● **Required work**:
From the line containing "アプリには物件の詳細情報が掲" through the end of the material below, output each line exactly as written, with pictures excluded.

● **Provided data**:
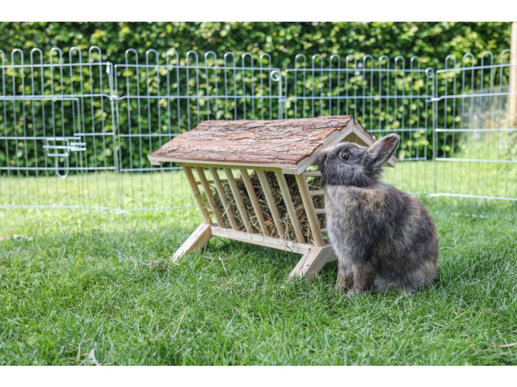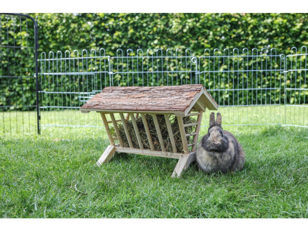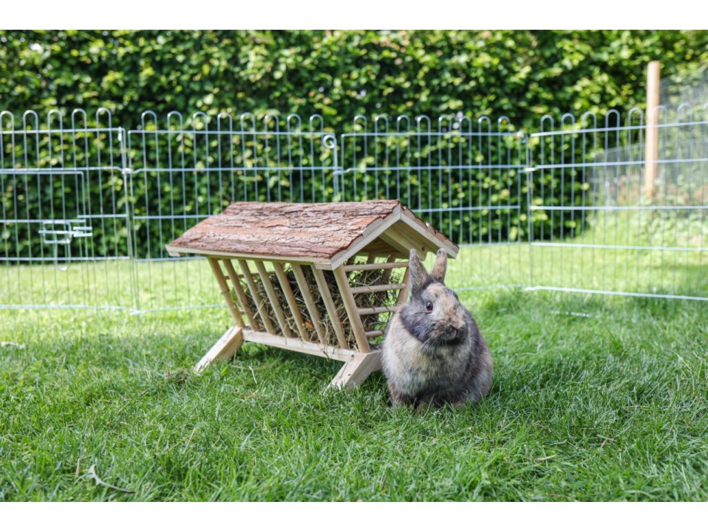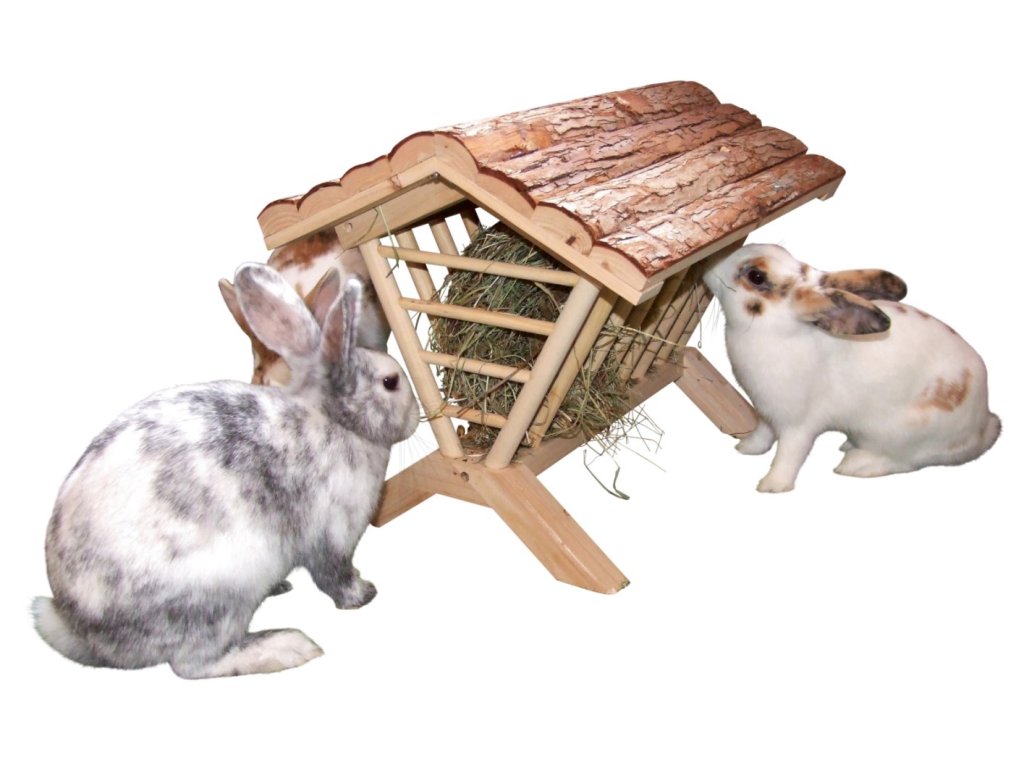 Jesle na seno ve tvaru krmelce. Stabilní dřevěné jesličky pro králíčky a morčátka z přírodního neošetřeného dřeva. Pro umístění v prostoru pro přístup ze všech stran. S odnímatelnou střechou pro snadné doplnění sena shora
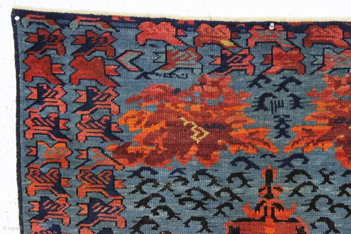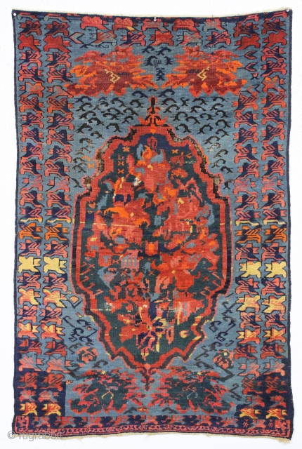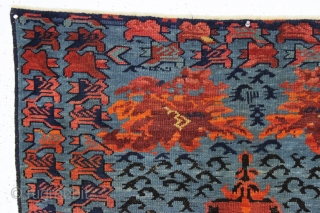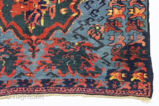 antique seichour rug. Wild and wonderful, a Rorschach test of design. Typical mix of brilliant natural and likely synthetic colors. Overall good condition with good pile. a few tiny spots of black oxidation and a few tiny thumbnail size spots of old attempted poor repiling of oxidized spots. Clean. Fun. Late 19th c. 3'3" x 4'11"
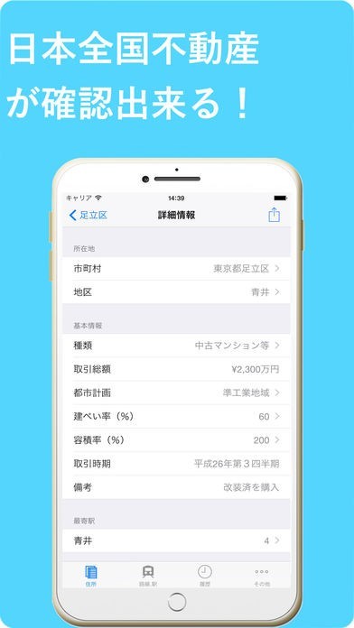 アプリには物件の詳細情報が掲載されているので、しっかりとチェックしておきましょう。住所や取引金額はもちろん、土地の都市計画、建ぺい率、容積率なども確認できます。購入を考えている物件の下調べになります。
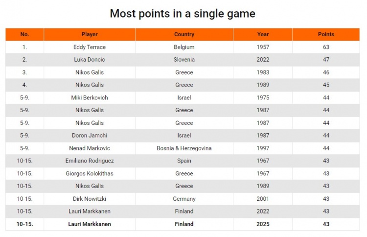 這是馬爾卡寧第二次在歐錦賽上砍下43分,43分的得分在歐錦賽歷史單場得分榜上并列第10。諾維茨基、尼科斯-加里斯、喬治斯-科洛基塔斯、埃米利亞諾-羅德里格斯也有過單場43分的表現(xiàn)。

● **Answer to this problem**:
 アプリには物件の詳細情報が掲載されているので、しっかりとチェックしておきましょう。住所や取引金額はもちろん、土地の都市計画、建ぺい率、容積率なども確認できます。購入を考えている物件の下調べになります。
 這是馬爾卡寧第二次在歐錦賽上砍下43分,43分的得分在歐錦賽歷史單場得分榜上并列第10。諾維茨基、尼科斯-加里斯、喬治斯-科洛基塔斯、埃米利亞諾-羅德里格斯也有過單場43分的表現(xiàn)。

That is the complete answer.